Несмотря на то, что Делез и Гваттари ввели понятие геофилософии только в 1991 году, философия обращалась к земле множество раз и до этого. Особое внимание земле уделяла феноменология в лице Эдмунда Гуссерля, Мориса Мерло-Понти и Жака Деррида. Они писали о земле в самых различных вариациях — с точки зрения связи земли и тела, земли как основы нашего опыта, а также исследуя геологию и геометрию.

Эдмунд Гуссерль и Земля в иллюминаторе нашего опыта

Феноменология отчетливо зафиксировала «поворот к земле», который мерцал еще в работах Канта и Шеллинга, но более явно был выражен в идеях Ницше о «легкой», «философской земле» и «народах мыслителей». Первым из обративших на него хвнимание был Гуссерль — немецкий философ и основатель феноменологии. Он написал текст под названием «Коперникианский поворот коперниканского поворота: Перво-Ковчег Земля». Это был период, когда Гуссерль работал над темой кризиса европейских наук. В 1934 году он пишет текст о земле, а уже в 1935-м читает свой знаменитый доклад «Кризис европейского человечества и философия».
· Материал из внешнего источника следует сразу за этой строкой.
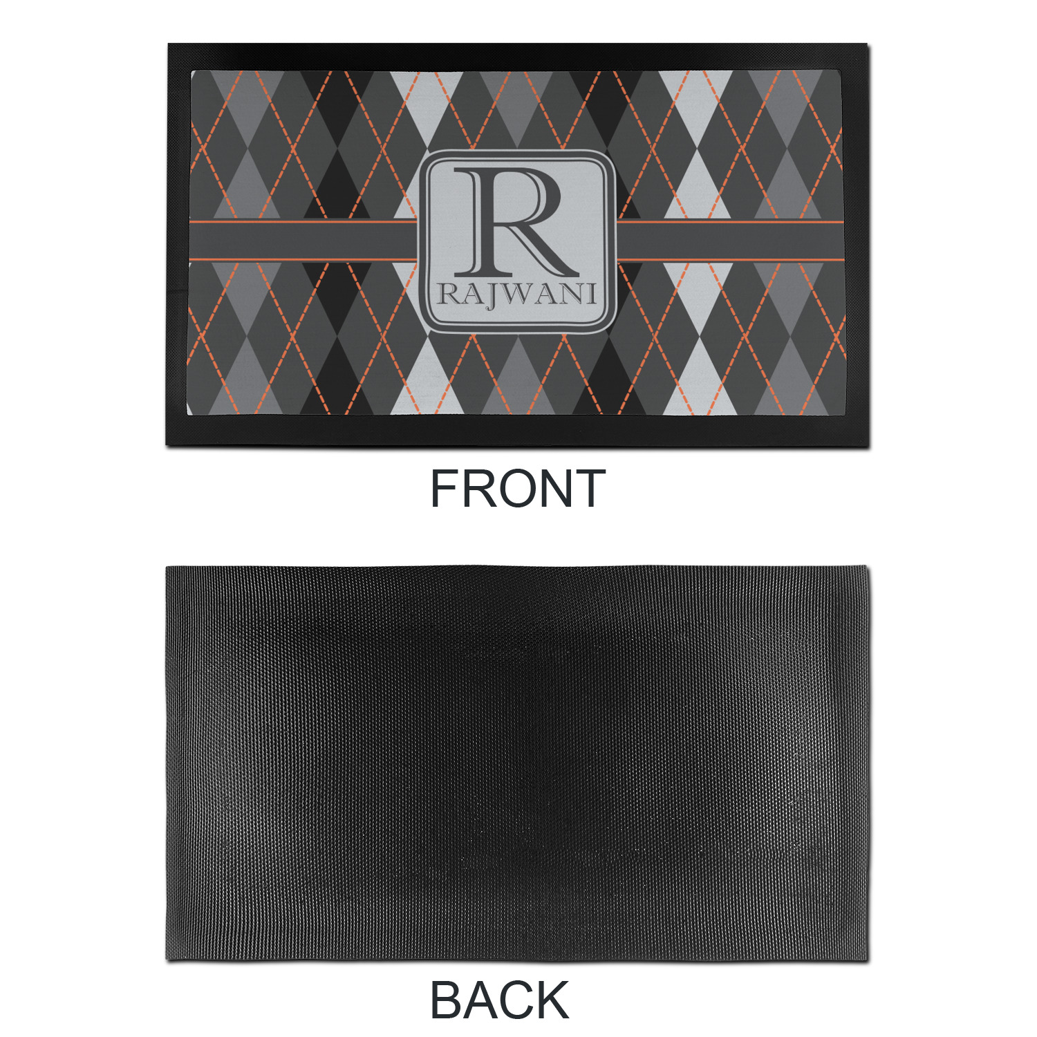 A wide charcoal gray band trimmed in orange divides the pattern to add interested and is used to highlight the slate grey square label. Add personalization of your choice.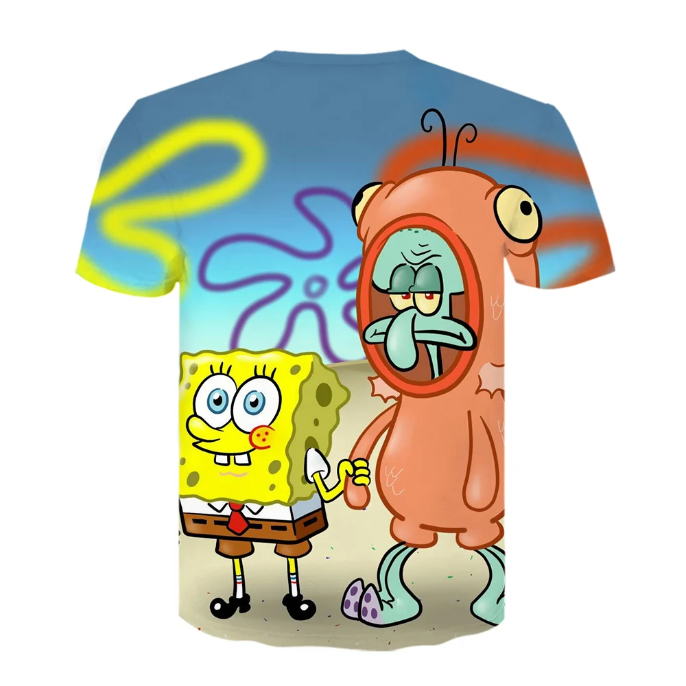 Новая Веселая желтая футболка с изображением Боба для мальчиков и девочек, детская футболка с 3D рисунком из губки, спортивный топ с короткими рукавами в стиле аниме с изображением героев мультфильмов, унисекс

Проблема кризиса связана для Гуссерля с жизнью в эпоху прогресса и развития точных наук и позитивистского знания. Науки теперь сводятся к изучению «фактов» и утрачивают свою связь с жизнью. Они смотрят на мир как на совокупность тел и предметов для исследования или улучшения. Земля как планета, тело человека — это тоже тела среди других тел, всего лишь функции. Гуссерль предлагает другое понимание науки. По его мнению, наука должна изучать непосредственно объекты сознания и противостоять слепой рационализации, разделяющей мир на полезное и бесполезное. Кризис науки опасен, так как он отдаляет ее от истинных целей. Чтобы как-то решить проблему кризису, Гуссерль обратился за помощью к теме земли.

В центре текста Гуссерля «Коперникианский поворот коперниканского поворота: Перво-Ковчег Земля» — поиск основ нашего человеческого опыта. Такой поиск придает тексту антикоперниканский настрой, так как затрагивает давнюю проблему — собственно, проблему коперниканского поворота. Этот поворот убрал человека и Землю из центра мироздания и заставил его сосредоточиться на самом себе, чтобы найти основания не в окружающем космосе и окружающих вещах, а внутри себя и в своем опыте.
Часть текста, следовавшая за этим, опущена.